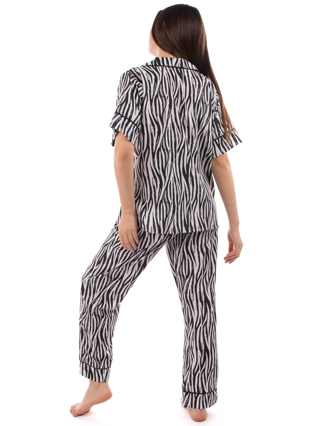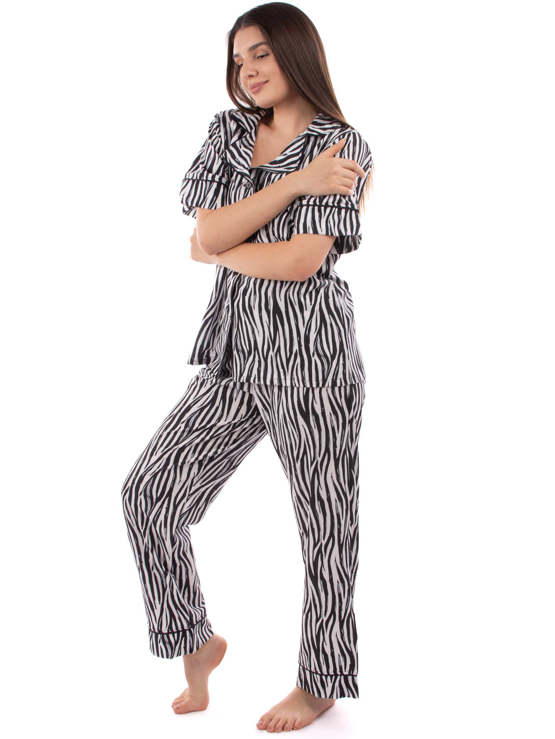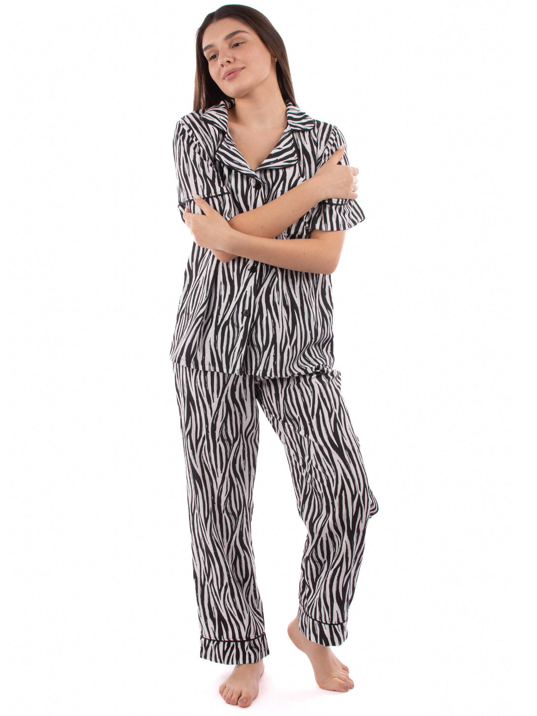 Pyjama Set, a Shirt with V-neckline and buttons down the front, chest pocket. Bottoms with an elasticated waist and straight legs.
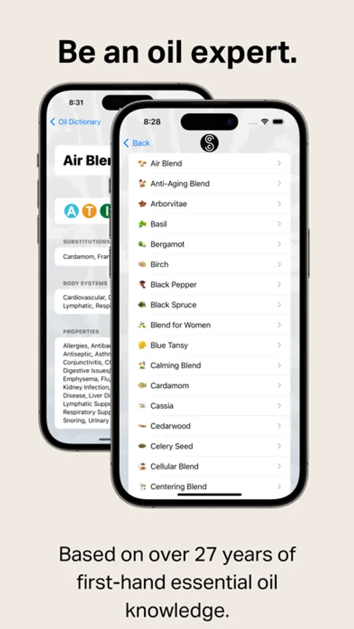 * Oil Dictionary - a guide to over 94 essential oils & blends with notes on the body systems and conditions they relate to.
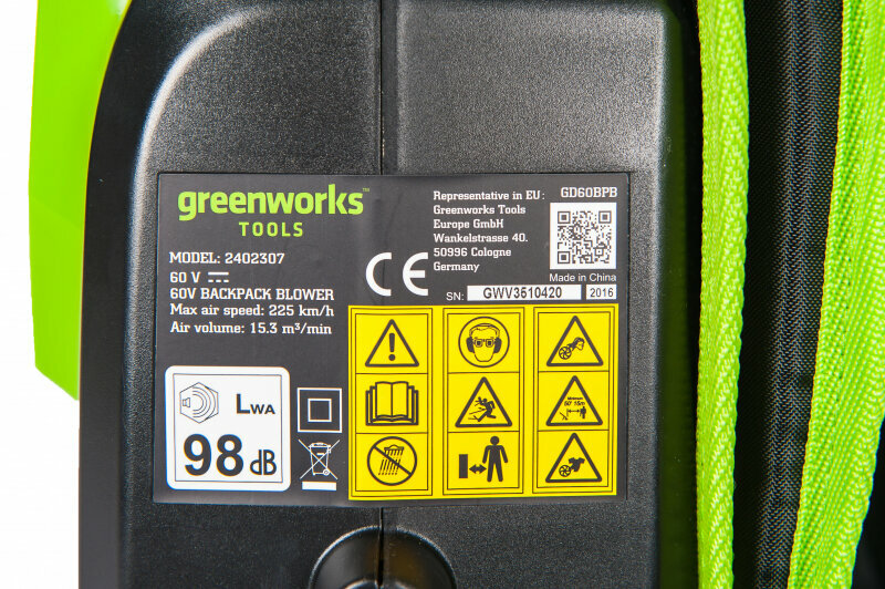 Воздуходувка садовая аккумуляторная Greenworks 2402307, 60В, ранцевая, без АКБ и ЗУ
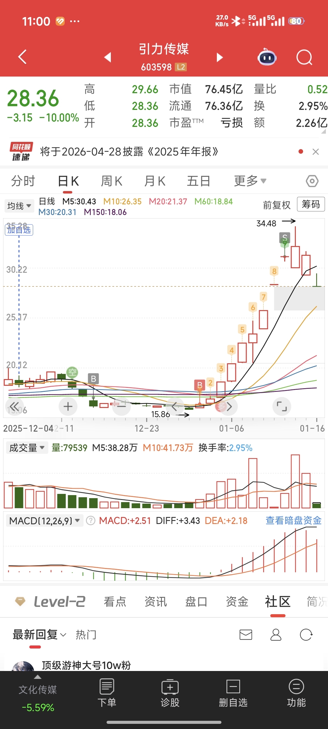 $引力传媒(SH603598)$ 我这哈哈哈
* * *
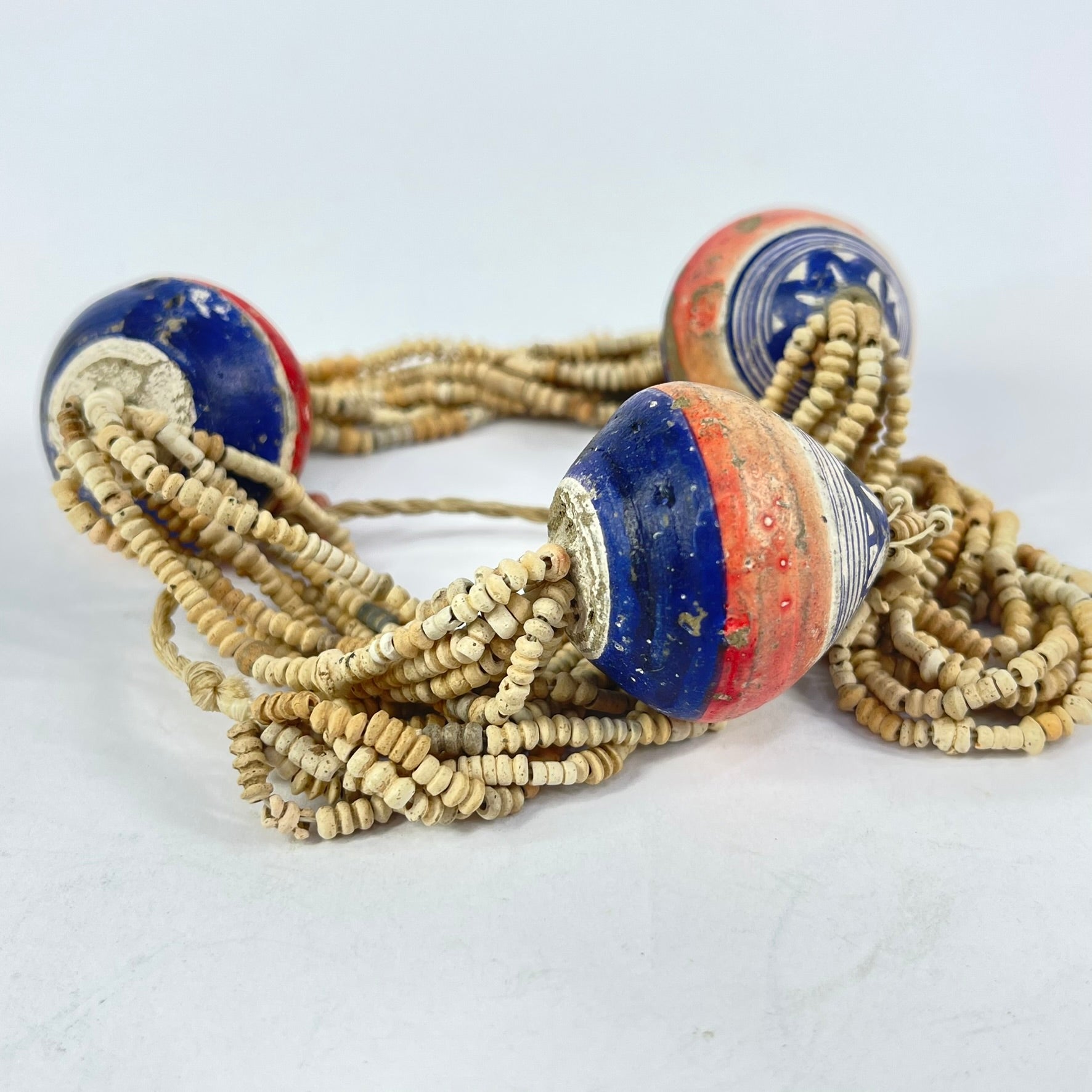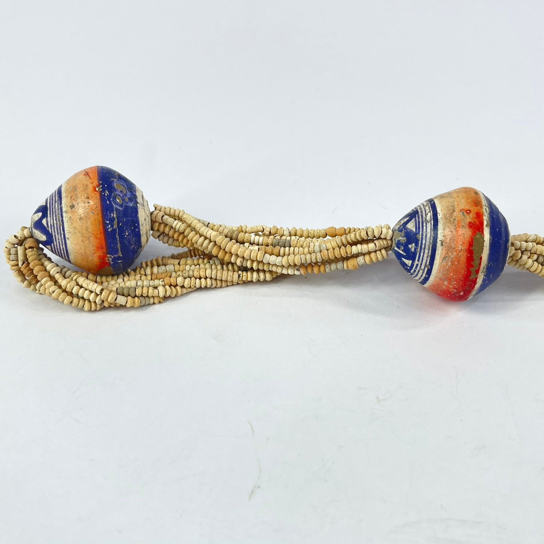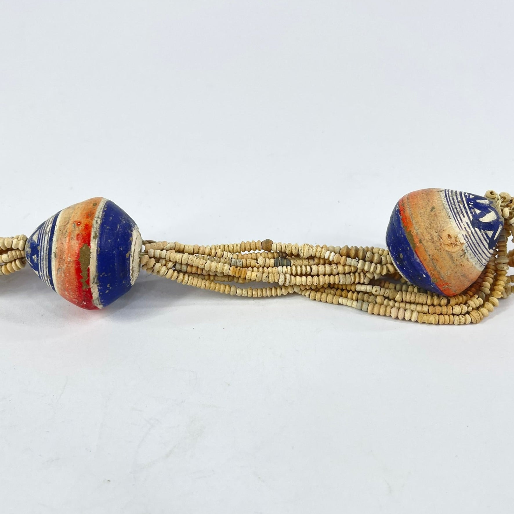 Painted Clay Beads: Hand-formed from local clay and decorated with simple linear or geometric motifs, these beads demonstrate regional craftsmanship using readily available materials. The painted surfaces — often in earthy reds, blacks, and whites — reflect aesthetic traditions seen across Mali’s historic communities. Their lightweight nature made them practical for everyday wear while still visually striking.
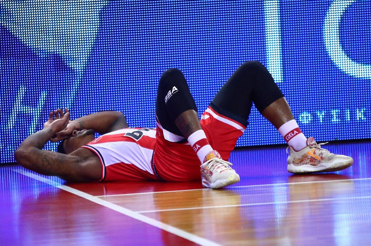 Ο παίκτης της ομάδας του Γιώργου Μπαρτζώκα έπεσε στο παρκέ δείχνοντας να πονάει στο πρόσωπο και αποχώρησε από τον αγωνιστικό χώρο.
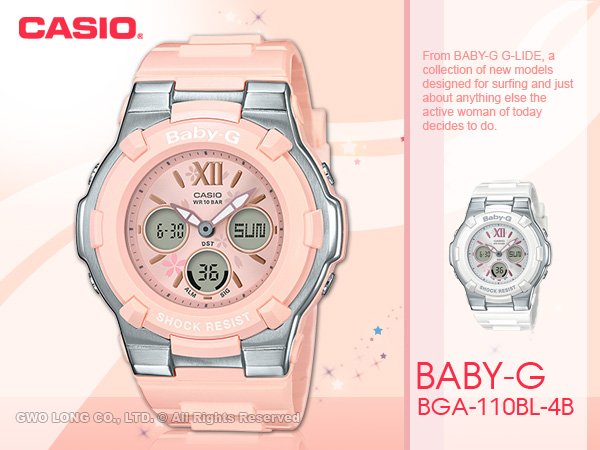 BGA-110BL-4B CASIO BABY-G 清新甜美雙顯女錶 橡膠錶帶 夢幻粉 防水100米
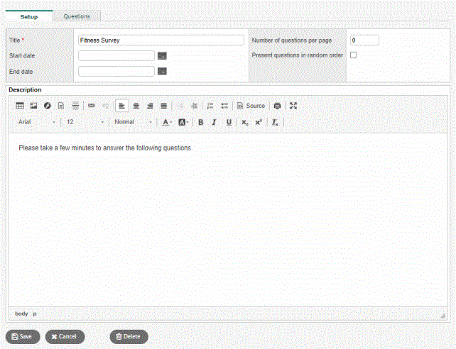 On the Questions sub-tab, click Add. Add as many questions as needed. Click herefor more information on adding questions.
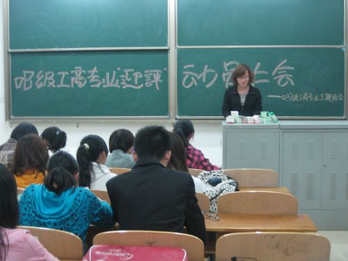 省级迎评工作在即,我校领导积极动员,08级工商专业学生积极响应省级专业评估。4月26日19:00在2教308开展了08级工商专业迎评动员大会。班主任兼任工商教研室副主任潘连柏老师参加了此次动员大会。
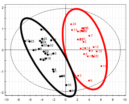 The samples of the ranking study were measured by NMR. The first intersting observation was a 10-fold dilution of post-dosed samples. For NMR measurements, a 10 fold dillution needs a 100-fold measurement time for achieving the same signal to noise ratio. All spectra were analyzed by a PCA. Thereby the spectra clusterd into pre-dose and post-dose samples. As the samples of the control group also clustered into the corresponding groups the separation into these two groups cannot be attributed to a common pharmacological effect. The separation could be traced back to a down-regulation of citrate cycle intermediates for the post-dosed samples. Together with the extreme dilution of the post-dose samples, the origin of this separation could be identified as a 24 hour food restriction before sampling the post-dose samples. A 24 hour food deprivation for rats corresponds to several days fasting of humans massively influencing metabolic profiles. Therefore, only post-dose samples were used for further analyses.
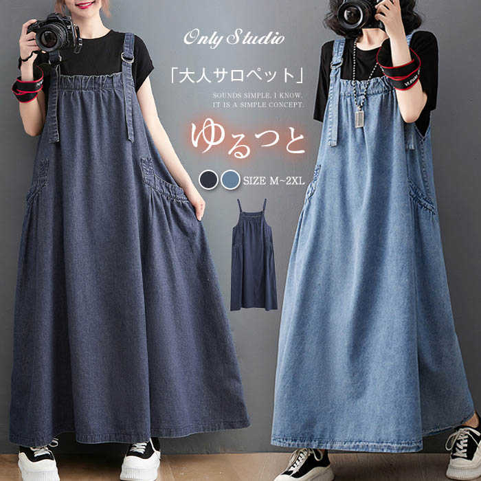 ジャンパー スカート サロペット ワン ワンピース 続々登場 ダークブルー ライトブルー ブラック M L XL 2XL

- [Task to carry out]:
Copy everything above from the line holding "Pyjama Set, a" down to the line holding "they relate to.", both ends included, exactly as it stands and without the pictures.

- [Result of this task]:
 Pyjama Set, a Shirt with V-neckline and buttons down the front, chest pocket. Bottoms with an elasticated waist and straight legs.
 * Oil Dictionary - a guide to over 94 essential oils & blends with notes on the body systems and conditions they relate to.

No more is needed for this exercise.